Zinc is an essential mineral, which means that the body has to obtain it from our diet because it cannot manufacture it, explains Amandeep Kalsi, R.D., MPH, a registered dietitian in Los Angeles. When you consume the recommended daily amount of zinc, all the body functions mentioned above are able to work at their best. The Daily Value (DV) is 8 milligrams of zinc, increasing to 11 milligrams for breastfeeding mothers because "you need it for yourself and to develop the fetus," Kalsi says. 

Zinc is a trace mineral, so our body only requires small amounts. That also means zinc deficiency is rare, especially if you're eating a variety of foods, says Janice Chow, R.D., registered dietitian and founder of nutrition counseling service The Mindful Chow. But vegetarians, pregnant women, people with digestive disorders like Crohn's disease or ulcerative colitis, or those with chronic alcohol misuse are at higher risk for having inadequate zinc intakes. Individuals in these categories would need to tap into the food sources richest in zinc and might sometimes require a zinc supplement.

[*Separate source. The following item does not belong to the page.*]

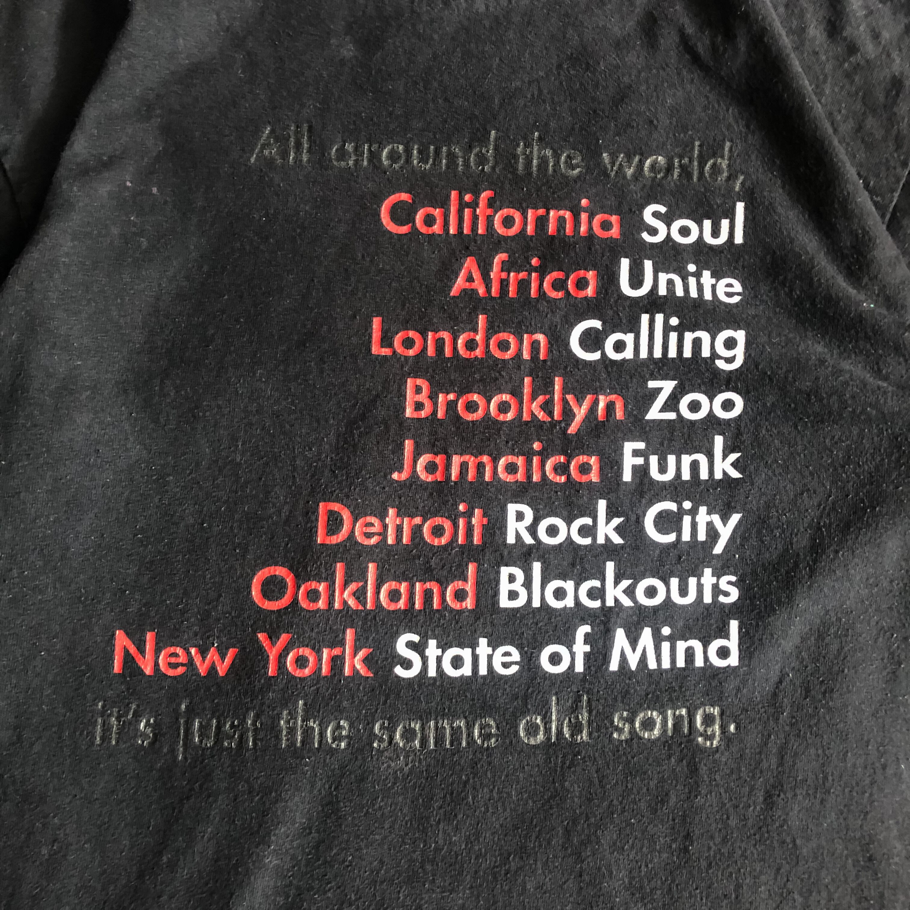 KISSやThe CLASHなど、曲名に都市の名前が入る曲がプリントされたクールな一枚です。
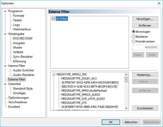 - AC3-Filter als externen Filter im MPC-HD hinzufügen als bevorzugt

Here are nine of the best zinc food sources, according to Kalsi and Chow. Kalsi points out that animal protein sources of zinc are the most easily absorbed by the body, but you can definitely achieve the DV from eating only plant-based sources of zinc. As much as possible, Kalsi recommends including protein-rich foods in the same meal as a zinc-rich food to ensure better absorption. 

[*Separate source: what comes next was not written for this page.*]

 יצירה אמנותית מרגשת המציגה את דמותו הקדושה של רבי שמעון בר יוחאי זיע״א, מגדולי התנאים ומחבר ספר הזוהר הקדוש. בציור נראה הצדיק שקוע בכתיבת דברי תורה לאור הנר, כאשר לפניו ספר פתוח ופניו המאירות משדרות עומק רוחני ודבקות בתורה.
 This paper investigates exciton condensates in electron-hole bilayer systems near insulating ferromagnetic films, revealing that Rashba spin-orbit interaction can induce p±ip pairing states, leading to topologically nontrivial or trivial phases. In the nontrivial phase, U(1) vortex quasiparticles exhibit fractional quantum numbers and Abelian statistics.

RELATED: The Best Iron-Rich Foods—and All the Reasons You Should Eat Them

Hanger Steak With Warm Kale Recipe

If you eat meat, beef is a clear winner when it comes to zinc-rich foods. A 5 ounce serving provides 12.5 milligrams of zinc, which already exceeds the DV. A pork loin chop provides a lesser amount, but is still a good source at 2.1 milligrams, which is nearly 20 percent of the DV.

Crispy Broiled Oysters With Bacon Recipe

Though it isn't something you come by every week, when you indulge in this shellfish, you're getting a ton of zinc! Six oysters contain around 50 milligrams (over 400 percent of the DV).

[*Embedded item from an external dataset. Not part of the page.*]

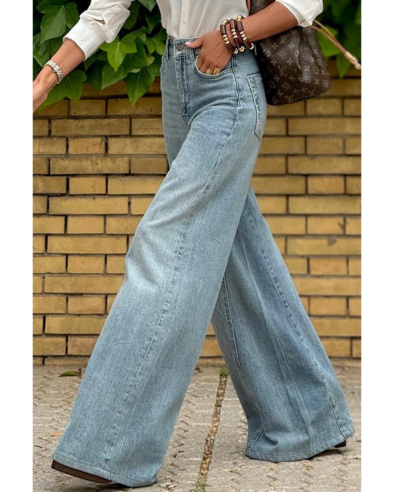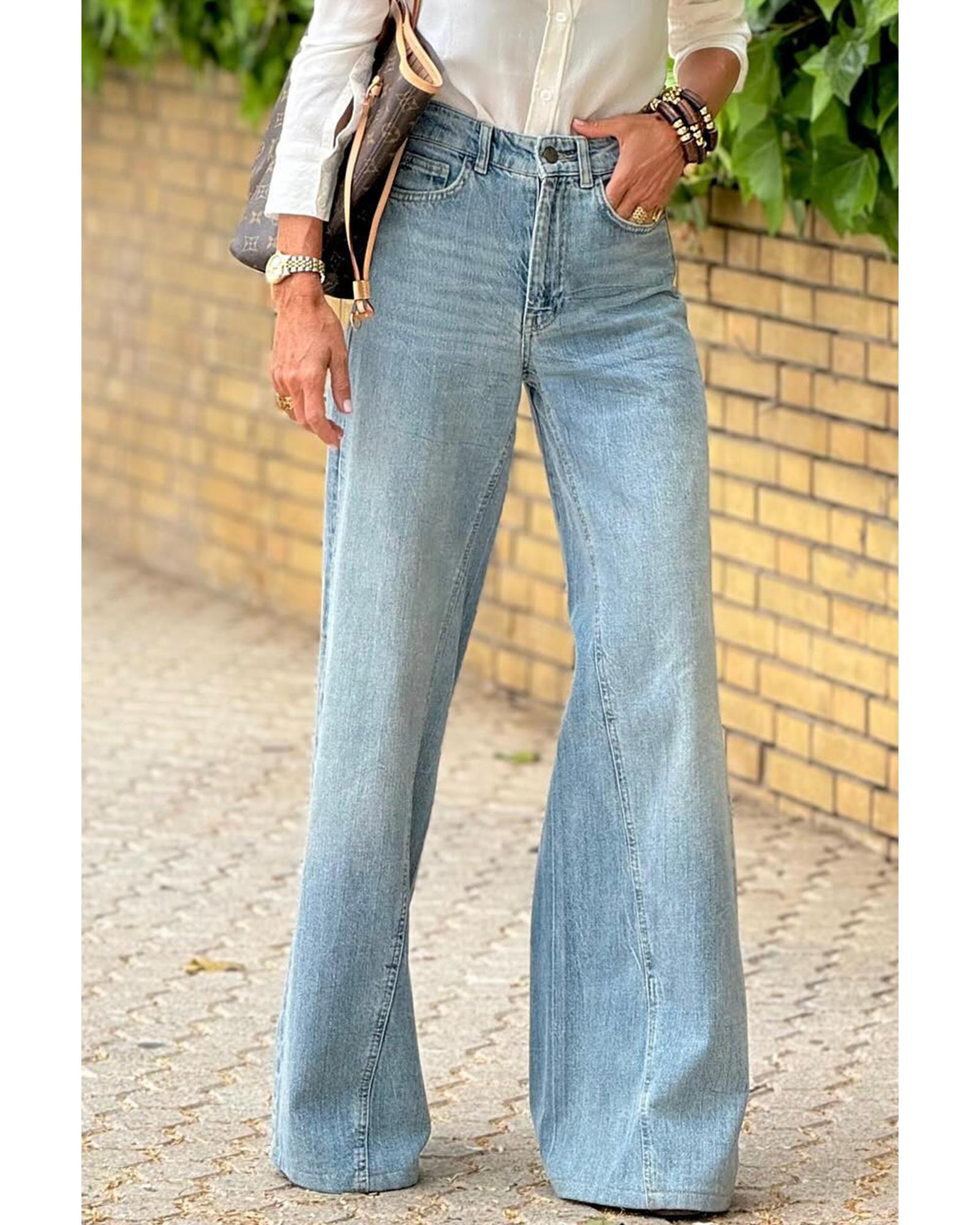 Dusk Blue Acid Wash Extra Wide Leg High Waist Long Jeans - 16 US
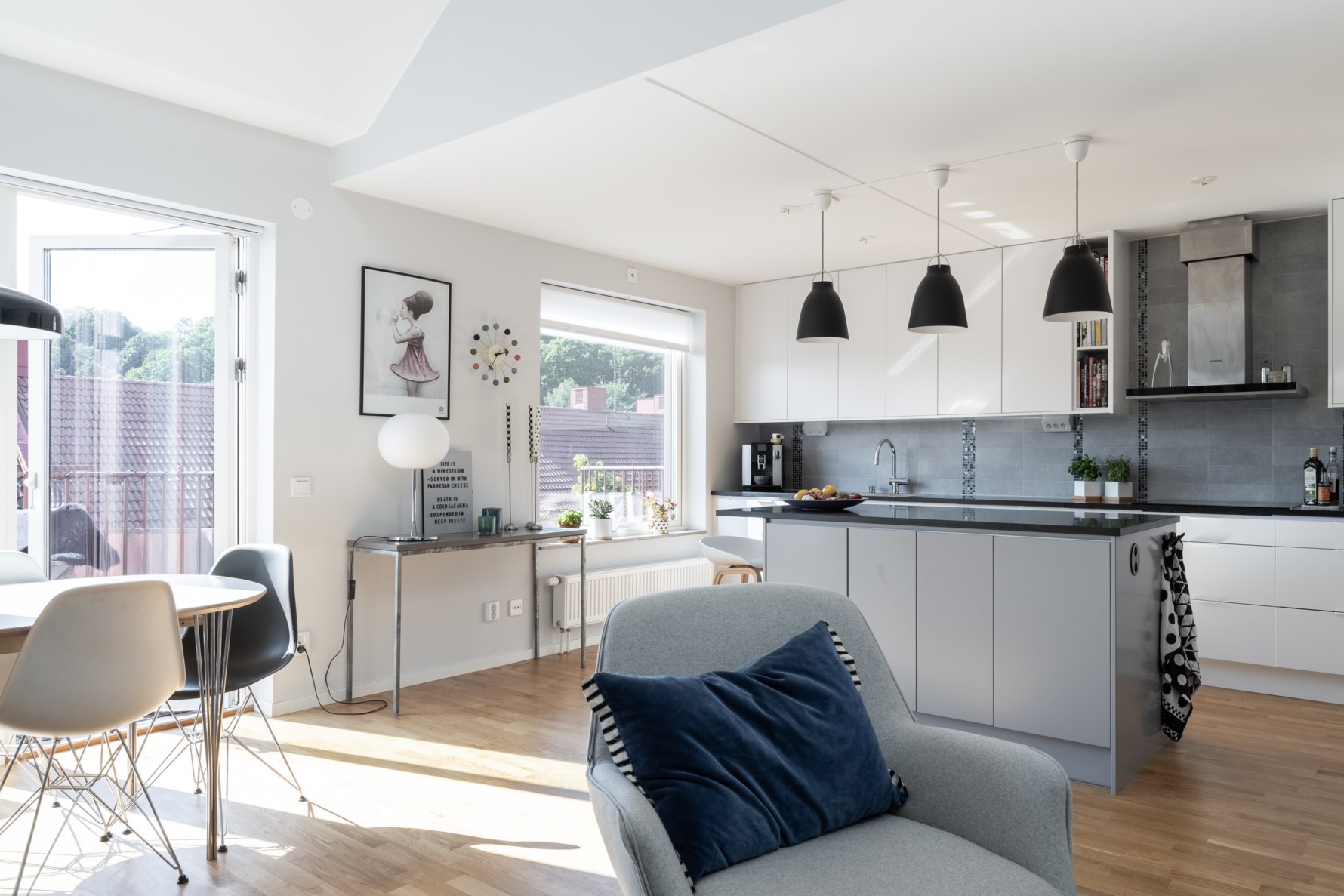 Det stilrena Vedumköket är i öppen planlösning med vardagsrummet. Bakom de vita släta luckorna och tre vitrinskåpen finns gott om förvaring då överskåpen går ända upp till taket. En både snygg och praktisk köksö ger extra förvarings- såväl som arbetsytor och här gömmer sig även en vinkyl. Ovan den svarta bänkskivan i sten sitter liggande kakelplattor. Alla vitvaror från Siemens går i vitt och består av induktionshäll, vägghängd fläkt, inbyggd mikro, ugn, diskmaskin samt kyl/frys. Invid fönstret finns plats för matbord och stolar.

Crispy Tofu Noodle Soup Recipe

Besides being a trusty plant-based protein source, tofu also offers zinc. Half a cup of firm tofu has 2 milligrams, which is nearly 20 percent of the DV.

Chimichurri-Yogurt Dip Recipe

These dairy foods offer zinc as well as calcium. There's 1 milligram or 9 percent of the DV in a 6 ounce tub of yogurt. An ounce of Swiss cheese contains 1.2 milligrams (11 percent of the DV); a cup of cow's milk contains 1 milligram (9 percent of the DV).

Savory Oatmeal With Spinach and Poached Eggs Recipe

One cup of cooked oatmeal has 2.3 milligrams, which is 21 percent of the DV, while brown rice offers 1.2 milligrams, or 11 percent of the DV.

Crispy Mushroom Reuben Sandwiches Recipe

While vegetables aren't the all-time richest sources of zinc, some provide a higher amount than others. Your best bet? In half a cup, shiitake mushrooms provide 0.8 milligrams or 7 percent of the DV, and green peas have 1 milligram or 9 percent of the DV.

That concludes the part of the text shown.